Nella fase follicolare iniziale del ciclo mestruale, nell'ovaio vengono secreti 60-100 mcg di estradiolo, nella fase luteale - 270 mcg, al momento dell'ovulazione - 400-900 mcg al giorno. Circa il 10% dell'E2 viene aromatizzato a livello extragonadico dal testosterone. Al momento dell'ovulazione, la sintesi dell'estrone aumenta fino a 600 mcg al giorno.

Il progesterone viene prodotto nelle ovaie in 2 mg/die nella fase follicolare del ciclo mestruale e in 25 mg/die nella fase luteinica. Durante il metabolismo, il progesterone nell'ovaio viene convertito in 20 alfa-deidroprogesterone, che ha un'attività biologica relativamente scarsa.

L'ovaio sintetizza 1,5 mg/die di androstenedione, un precursore del testosterone. La stessa quantità di androstenedione viene prodotta nelle ghiandole surrenali. Circa il 15% del testosterone viene aromatizzato sotto l'influenza di enzimi in deidrotestosterone, l'androgeno biologicamente più attivo. La sua quantità nel corpo femminile è di 75 mcg/giorno.

Inoltre, l'ovaio secerne sostanze proteiche locali: ossitocina e relaxina. L'ossitocina ha un effetto luteolitico, favorendo la regressione del corpo luteo. La relaxina ha un effetto tocolitico sul miometrio e favorisce l'ovulazione. Anche le prostaglandine vengono prodotte nelle ovaie.

La funzione del sistema riproduttivo, volta a regolare il ciclo mestruale ovulatorio nelle donne in età riproduttiva, può essere rappresentata come segue.

Nei neuroni dell'ipotalamo mediobasale, la secrezione pulsatile di RH-LH avviene in modalità circocorale. Lungo gli assoni delle cellule nervose, la neurosecrezione (RG-LH) entra nel sistema portale e viene trasportata con il sangue al lobo anteriore della ghiandola pituitaria.

La formazione di due gonadotropine (LH e FSH) sotto l'influenza di un RG-LH è spiegata dalla diversa sensibilità ad esso delle cellule ipofisarie che secernono LH e FSH, nonché dalla diversa velocità del loro metabolismo. FSH e LH stimolano umoralmente la crescita del follicolo, la sintesi degli steroidi e la maturazione dell'uovo. Un aumento dei livelli di E2 nel follicolo preovulatorio provoca il rilascio di LH e FSH e l'ovulazione. Sotto l'influenza dell'inibina, il rilascio di FSH viene inibito. Il progesterone si forma nelle cellule della granulosa luteinizzate sotto l'influenza dell'LH. Una diminuzione del contenuto di E2 stimola il rilascio di LH e FSH.

Quinto livello di regolazione del sistema riproduttivo- tessuti bersaglio - punti di applicazione dell'azione ormonale. I cosiddetti organi bersaglio sono organi che rappresentano il punto finale di applicazione degli ormoni sessuali prodotti dalle ovaie. Questi includono sia gli organi del sistema riproduttivo (utero, tube di Falloppio, vagina) che altri organi (seno, pelle, ossa, tessuto adiposo). Le cellule di questi tessuti e organi contengono recettori per gli ormoni sessuali.

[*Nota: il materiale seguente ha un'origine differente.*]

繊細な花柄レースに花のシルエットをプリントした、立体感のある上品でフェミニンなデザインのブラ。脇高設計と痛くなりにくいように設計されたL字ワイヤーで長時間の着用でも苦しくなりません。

Nel cervello si trovano anche recettori per gli ormoni sessuali, il che, a quanto pare, può spiegare le fluttuazioni cicliche nella psiche di una donna durante il ciclo mestruale.

Quindi, il sistema riproduttivo è un supersistema, il cui stato funzionale è determinato dall'afferenza inversa dei suoi sottosistemi costituenti. Evidenziare:

  • un lungo circuito di feedback tra gli ormoni ovarici e i nuclei ipotalamici; tra ormoni ovarici e ghiandola pituitaria;
  • un breve anello - tra il lobo anteriore della ghiandola pituitaria e l'ipotalamo;
  • un anello ultracorto - tra RH-LH e neurociti (cellule nervose) dell'ipotalamo.

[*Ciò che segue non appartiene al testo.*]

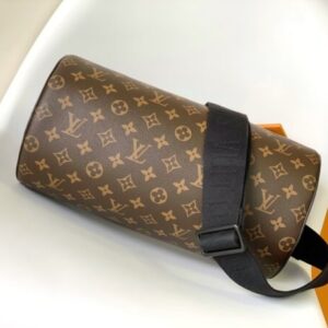 Single Soft Polochon handbag combines Monogram Macassar canvas and bright leather details, making the chic cylindrical outline more modern, providing an alternative new way to carry daily needs. The form-fitting design features a detachable leather handle and a detachable and adjustable fabric shoulder strap for versatile on-the-go options.

Il feedback in una donna matura è sia negativo che positivo. Un esempio di relazione negativa è l’aumento del rilascio di LH da parte della ghiandola pituitaria anteriore in risposta a bassi livelli di estradiolo durante la fase follicolare iniziale del ciclo. Un esempio di feedback positivo è il rilascio di LH e FSH in risposta al massimo ovulatorio di estradiolo nel sangue.

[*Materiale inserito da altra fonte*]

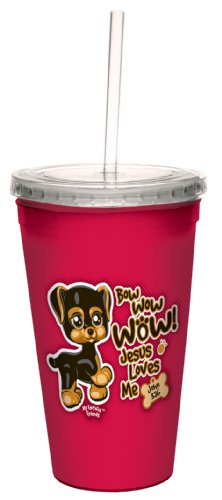 Tree-Free Greetings cc34322 Jesus Loves Me Brown Puppy: John 3:16 Artful Traveler Double-Walled Cool Cup with Reusable Straw, 16-Ounce

Secondo il meccanismo di feedback negativo, la formazione di RH-LH aumenta con una diminuzione del livello di LH nelle cellule dell'ipofisi anteriore. Un esempio di connessione negativa ultracorta è un aumento della secrezione di RH-LH con una diminuzione della sua concentrazione nei neuroni neurosecretori dell'ipotalamo.

Nella regolazione della funzione del sistema riproduttivo, i principali sono la secrezione pulsante (circorale) di RH-LH nei neuroni dell'ipotalamo e la regolazione del rilascio di LH e FSH da parte dell'estradiolo secondo il meccanismo di negativo e riscontro positivo.